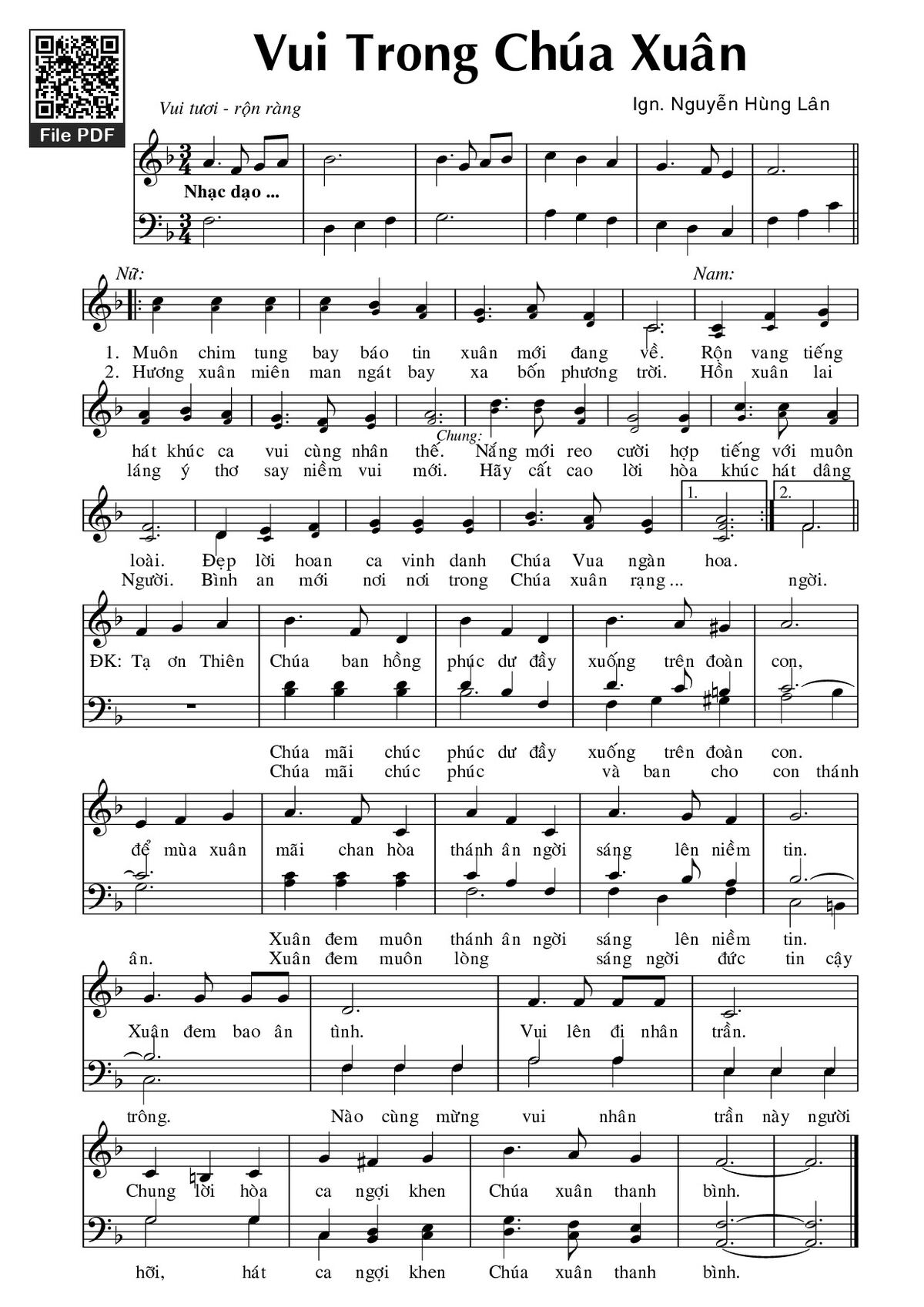 Page 1 of Sheet music PDF Vui trong Chúa Xuân - Nguyễn Hùng Lân
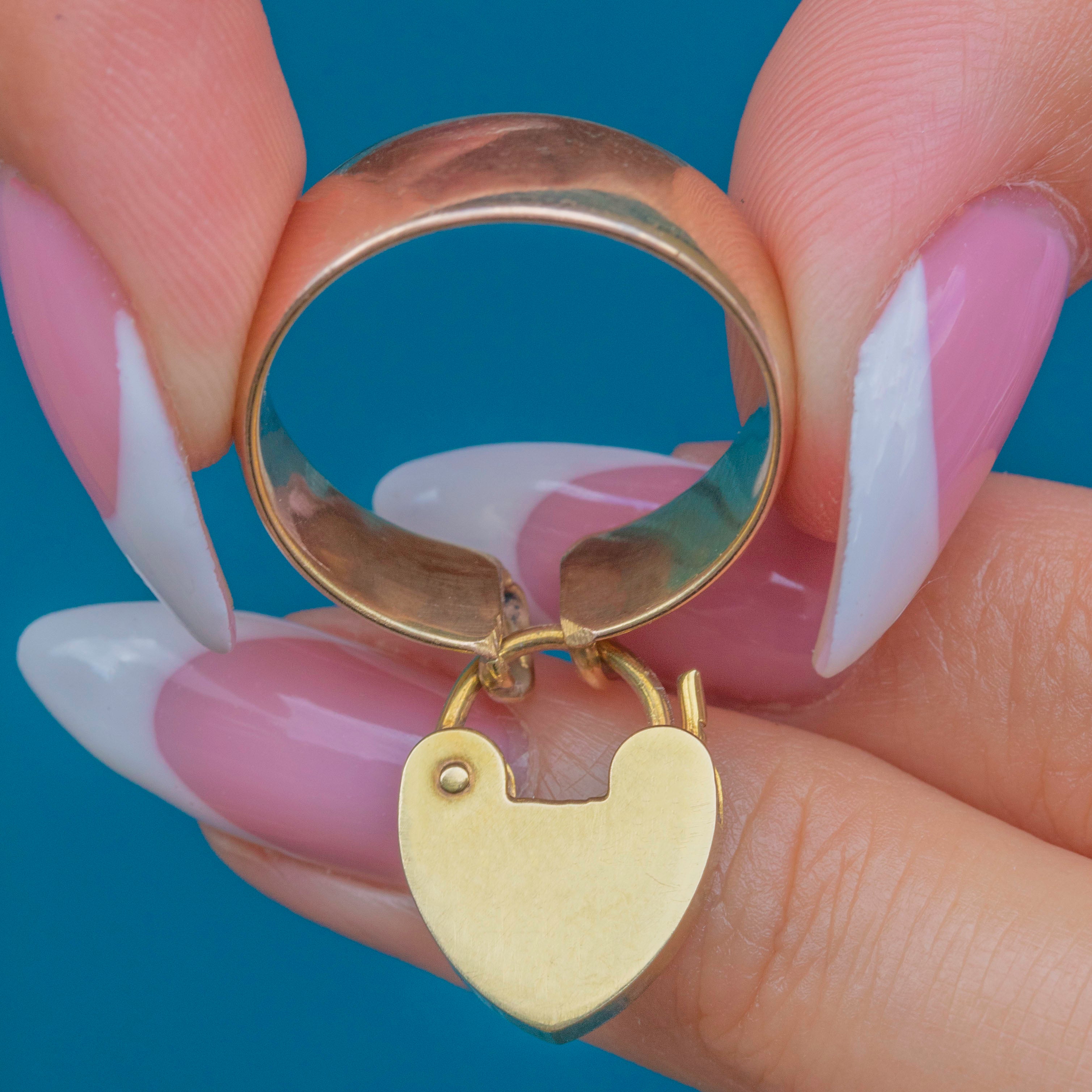 This exquisite antique heart padlock ring is a gorgeous testament to the craftsmanship of the Edwardian era! Meticulously crafted from buttery 9ct Gold, this ring features a stunning heart-shaped padlock, symbolising eternal love and commitment.
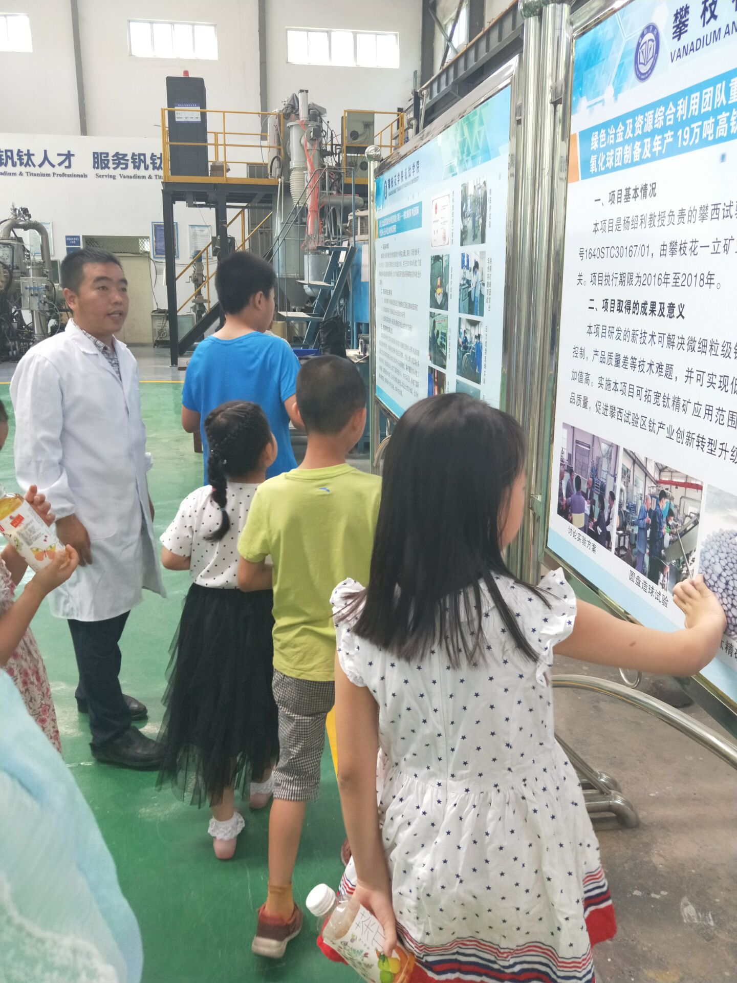 来宾们在钒钛资源综合利用四川省重点实验室中试车间参观了科研成果及设备后,兴致勃勃地表示以后要当科学家。

- - - - -

Please write the data out again exactly, but do not carry over the pictures.

 Page 1 of Sheet music PDF Vui trong Chúa Xuân - Nguyễn Hùng Lân
 This exquisite antique heart padlock ring is a gorgeous testament to the craftsmanship of the Edwardian era! Meticulously crafted from buttery 9ct Gold, this ring features a stunning heart-shaped padlock, symbolising eternal love and commitment.
 来宾们在钒钛资源综合利用四川省重点实验室中试车间参观了科研成果及设备后,兴致勃勃地表示以后要当科学家。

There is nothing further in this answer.